### Data below:
-*-

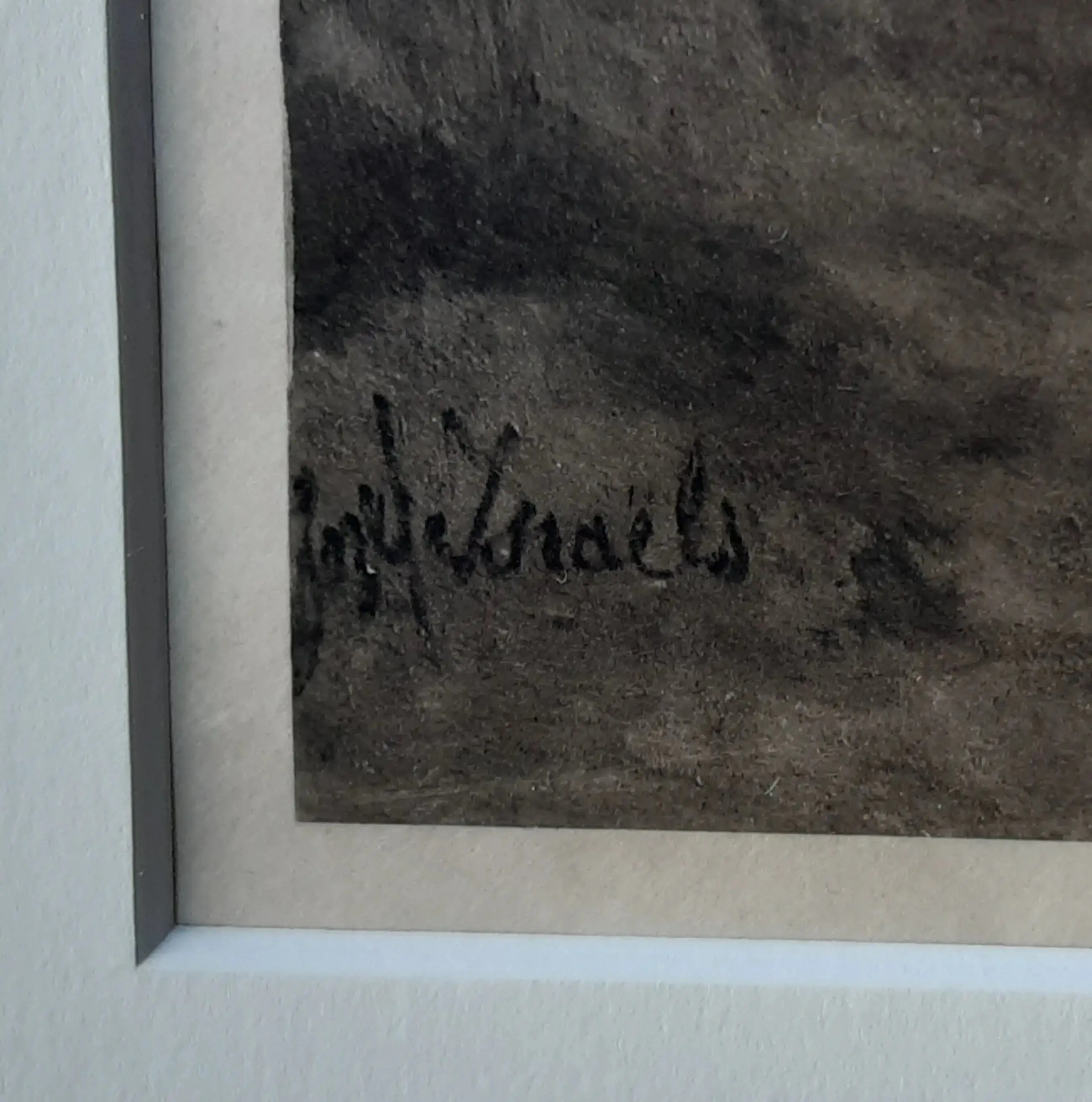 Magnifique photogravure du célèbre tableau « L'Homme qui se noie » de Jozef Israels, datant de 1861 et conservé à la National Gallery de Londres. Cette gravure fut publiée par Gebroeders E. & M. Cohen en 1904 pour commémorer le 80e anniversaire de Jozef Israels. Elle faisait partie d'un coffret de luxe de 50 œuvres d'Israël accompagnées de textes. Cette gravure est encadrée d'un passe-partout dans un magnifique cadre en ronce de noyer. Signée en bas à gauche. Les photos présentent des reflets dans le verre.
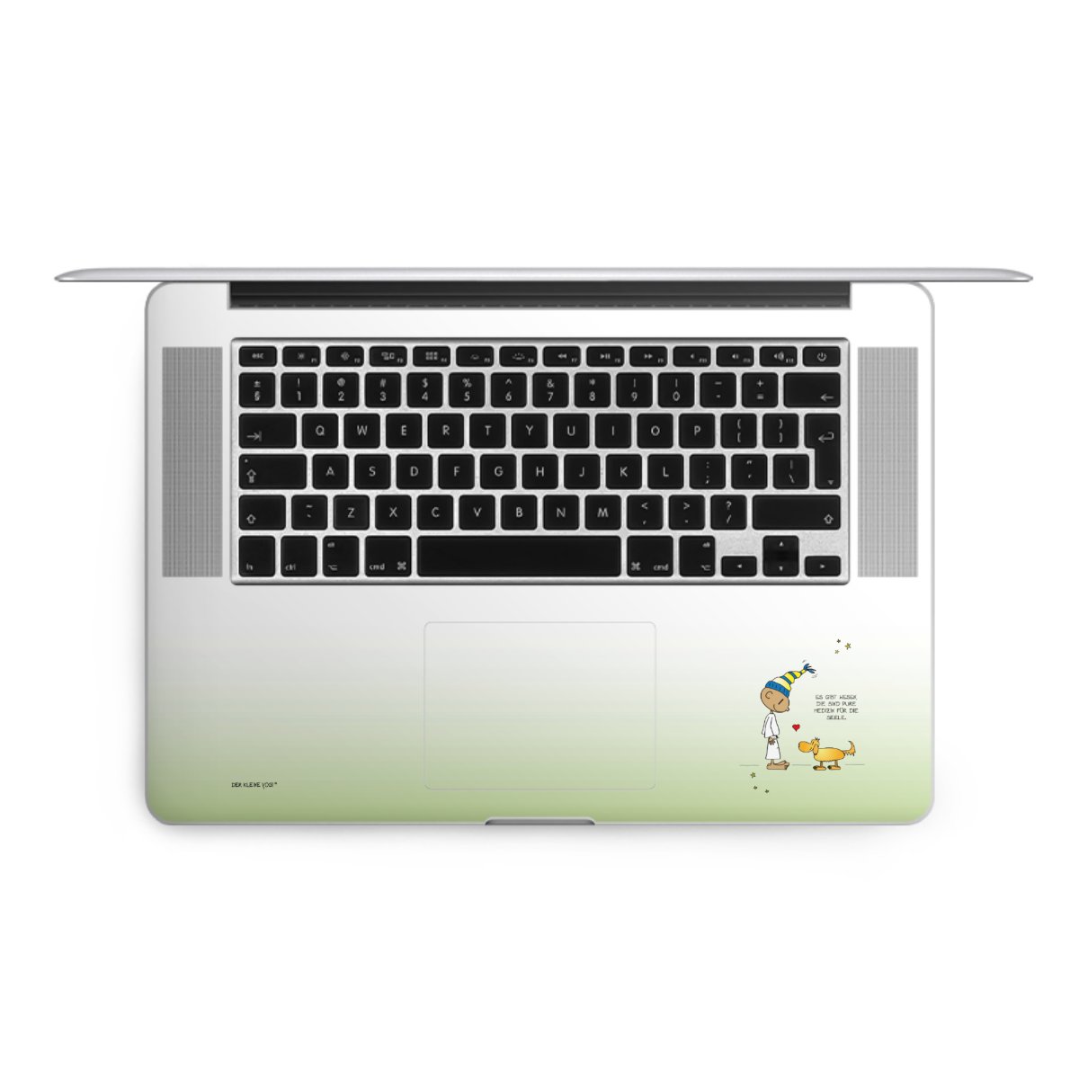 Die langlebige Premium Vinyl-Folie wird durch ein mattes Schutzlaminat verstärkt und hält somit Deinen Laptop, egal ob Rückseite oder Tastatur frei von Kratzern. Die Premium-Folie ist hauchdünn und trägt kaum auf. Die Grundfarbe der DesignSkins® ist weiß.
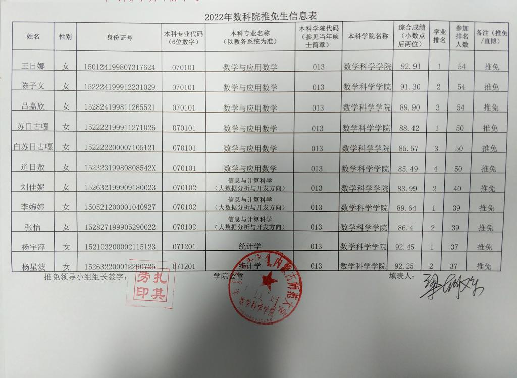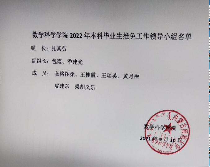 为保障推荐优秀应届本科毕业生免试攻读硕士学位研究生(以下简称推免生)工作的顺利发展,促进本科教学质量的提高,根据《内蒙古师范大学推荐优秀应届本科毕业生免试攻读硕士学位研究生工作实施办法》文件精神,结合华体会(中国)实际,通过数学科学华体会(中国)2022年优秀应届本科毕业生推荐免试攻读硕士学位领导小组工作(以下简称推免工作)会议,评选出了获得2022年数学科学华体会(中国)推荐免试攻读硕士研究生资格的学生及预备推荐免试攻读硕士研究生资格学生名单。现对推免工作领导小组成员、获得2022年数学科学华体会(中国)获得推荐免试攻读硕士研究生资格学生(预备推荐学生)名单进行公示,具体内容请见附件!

-*-

Return the full set of lines above word for word and with no pictures.

### Answer below:
 Magnifique photogravure du célèbre tableau « L'Homme qui se noie » de Jozef Israels, datant de 1861 et conservé à la National Gallery de Londres. Cette gravure fut publiée par Gebroeders E. & M. Cohen en 1904 pour commémorer le 80e anniversaire de Jozef Israels. Elle faisait partie d'un coffret de luxe de 50 œuvres d'Israël accompagnées de textes. Cette gravure est encadrée d'un passe-partout dans un magnifique cadre en ronce de noyer. Signée en bas à gauche. Les photos présentent des reflets dans le verre.
 Die langlebige Premium Vinyl-Folie wird durch ein mattes Schutzlaminat verstärkt und hält somit Deinen Laptop, egal ob Rückseite oder Tastatur frei von Kratzern. Die Premium-Folie ist hauchdünn und trägt kaum auf. Die Grundfarbe der DesignSkins® ist weiß.
 为保障推荐优秀应届本科毕业生免试攻读硕士学位研究生(以下简称推免生)工作的顺利发展,促进本科教学质量的提高,根据《内蒙古师范大学推荐优秀应届本科毕业生免试攻读硕士学位研究生工作实施办法》文件精神,结合华体会(中国)实际,通过数学科学华体会(中国)2022年优秀应届本科毕业生推荐免试攻读硕士学位领导小组工作(以下简称推免工作)会议,评选出了获得2022年数学科学华体会(中国)推荐免试攻读硕士研究生资格的学生及预备推荐免试攻读硕士研究生资格学生名单。现对推免工作领导小组成员、获得2022年数学科学华体会(中国)获得推荐免试攻读硕士研究生资格学生(预备推荐学生)名单进行公示,具体内容请见附件!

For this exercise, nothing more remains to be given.